October 19, 2024

About

Basically, contentious variables are inputted to Gaussian process model because this is Gaussian model. But Is it possible to handle categorical variables in Gaussian Process?

BoTorch

Actually, the BoTorch has the model and its kernel for handling categorical variables. I extracted the part where explains about it (https://botorch.org/api/models.html).

Model: MixedSingleTaskGP

It supports mixed search spaces, which combine discrete and continuous features, as well as solely discrete spaces.
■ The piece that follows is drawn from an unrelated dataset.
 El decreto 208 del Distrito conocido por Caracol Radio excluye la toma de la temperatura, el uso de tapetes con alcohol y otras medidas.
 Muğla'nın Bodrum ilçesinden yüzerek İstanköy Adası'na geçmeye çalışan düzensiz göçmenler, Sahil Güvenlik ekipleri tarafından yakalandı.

It uses a kernel that combines a CategoricalKernel (based on Hamming distances) and a regular kernel into a kernel of the form.

Kernel: CategoricalKernel

Computes exp(-dist(x1, x2) / lengthscale), where dist(x1, x2) is zero if x1 == x2 and one if x1 != x2. If the last dimension is not a batch dimension, then the mean is considered.
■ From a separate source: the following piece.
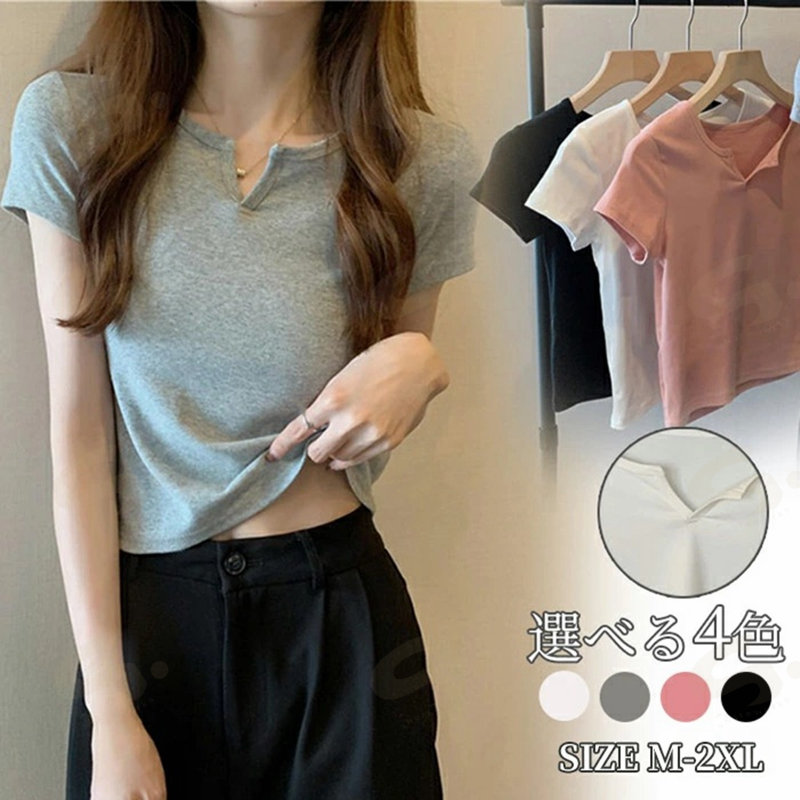 Tシャツ レディース カットソー Vネック 半袖シャツ 半袖 トップス ベーシック シンプル タイト カジュアル 夏 大人 トレンド プルオーバー 女性用 ショート丈 短め 通勤 通学 着やせ 高校生

What important here is that this kernel is NOT differentiable with respect to the inputs.

How to compose these Kernels

K((x_1, c_1), (x_2, c_2)) = K_{\text{cont\_1}}(x_1, x_2) + K_{\text{cat\_1}}(c_1, c_2) + K_{\text{cont\_2}}(x_1, x_2) \cdot K_{\text{cat\_2}}(c_1, c_2)

Better than One-Hot-Encoding?

 In discussion in BoTorch GitHub Repository(https://github.com/pytorch/botorch/discussions/1450), even though the other says that the Bayesian Optimization Library “Ax” has function to handle categorical variables by One-Hot-Encoding, an inquirer implies that this way works well.